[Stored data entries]
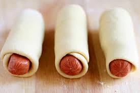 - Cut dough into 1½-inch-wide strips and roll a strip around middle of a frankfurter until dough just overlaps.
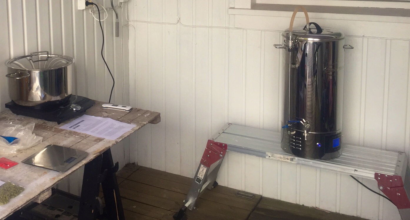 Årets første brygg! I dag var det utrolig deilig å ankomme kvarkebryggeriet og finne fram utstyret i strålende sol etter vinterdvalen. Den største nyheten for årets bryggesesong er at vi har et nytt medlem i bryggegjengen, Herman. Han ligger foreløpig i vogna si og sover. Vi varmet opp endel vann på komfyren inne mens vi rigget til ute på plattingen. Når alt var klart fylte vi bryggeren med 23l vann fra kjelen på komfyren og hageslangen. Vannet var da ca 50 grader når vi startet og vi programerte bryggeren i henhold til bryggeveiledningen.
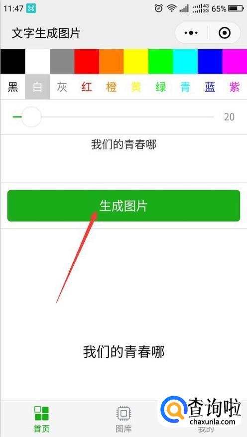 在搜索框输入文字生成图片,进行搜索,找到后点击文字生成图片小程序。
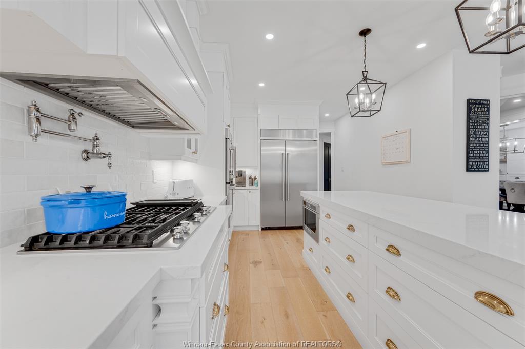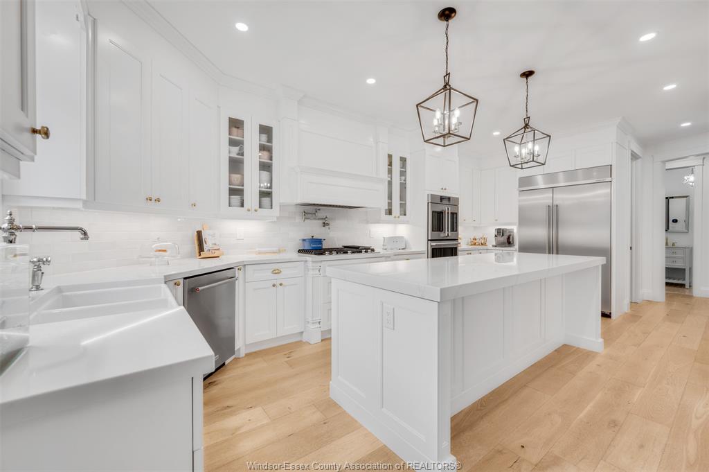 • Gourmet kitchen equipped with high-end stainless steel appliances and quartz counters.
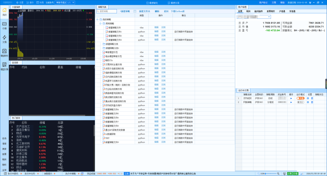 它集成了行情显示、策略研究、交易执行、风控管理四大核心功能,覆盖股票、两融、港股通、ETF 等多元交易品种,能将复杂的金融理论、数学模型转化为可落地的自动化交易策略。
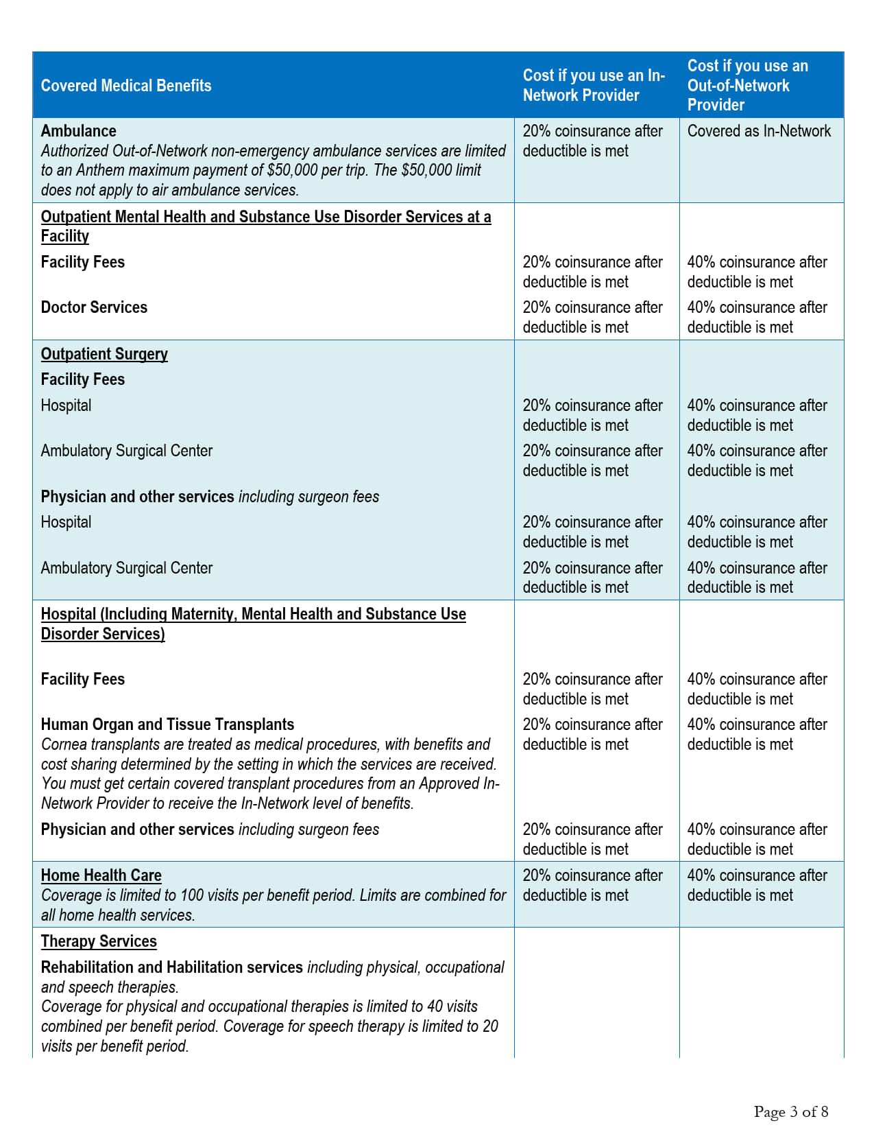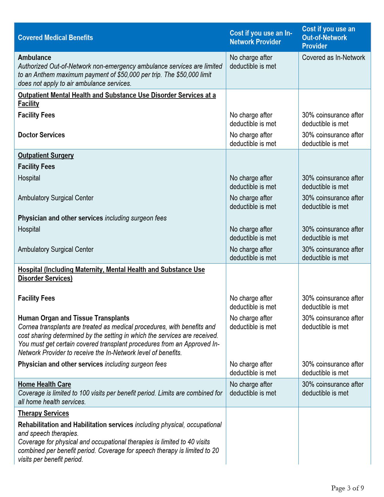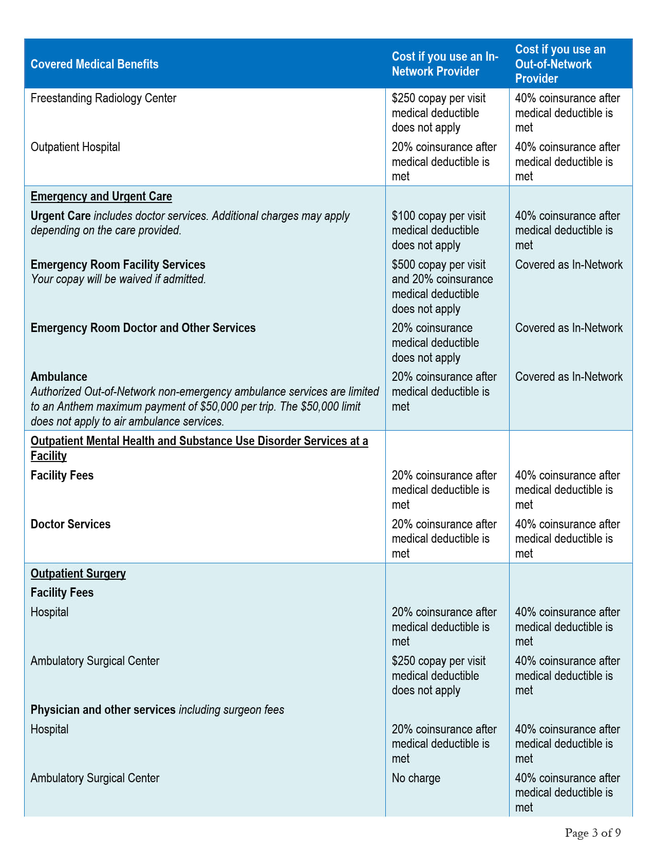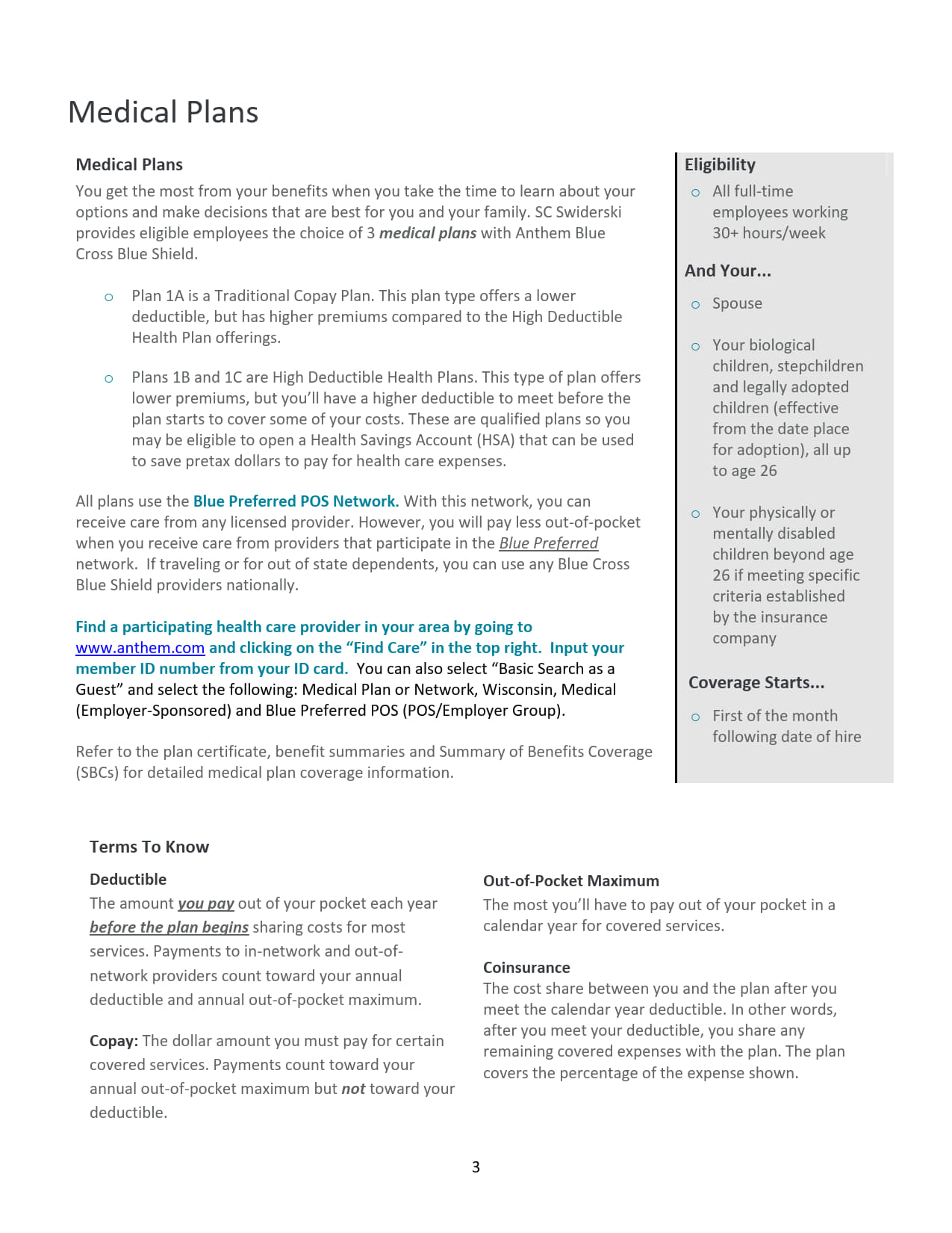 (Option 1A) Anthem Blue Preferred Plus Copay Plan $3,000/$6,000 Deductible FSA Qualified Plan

◆ **What you need to do**: Leave the pictures aside and print exactly, and only, the lines from the one with "它集成了行情显示、策略研究、" through the end of the data, both included.

◆ **Response to the exercise**:
 它集成了行情显示、策略研究、交易执行、风控管理四大核心功能,覆盖股票、两融、港股通、ETF 等多元交易品种,能将复杂的金融理论、数学模型转化为可落地的自动化交易策略。
 (Option 1A) Anthem Blue Preferred Plus Copay Plan $3,000/$6,000 Deductible FSA Qualified Plan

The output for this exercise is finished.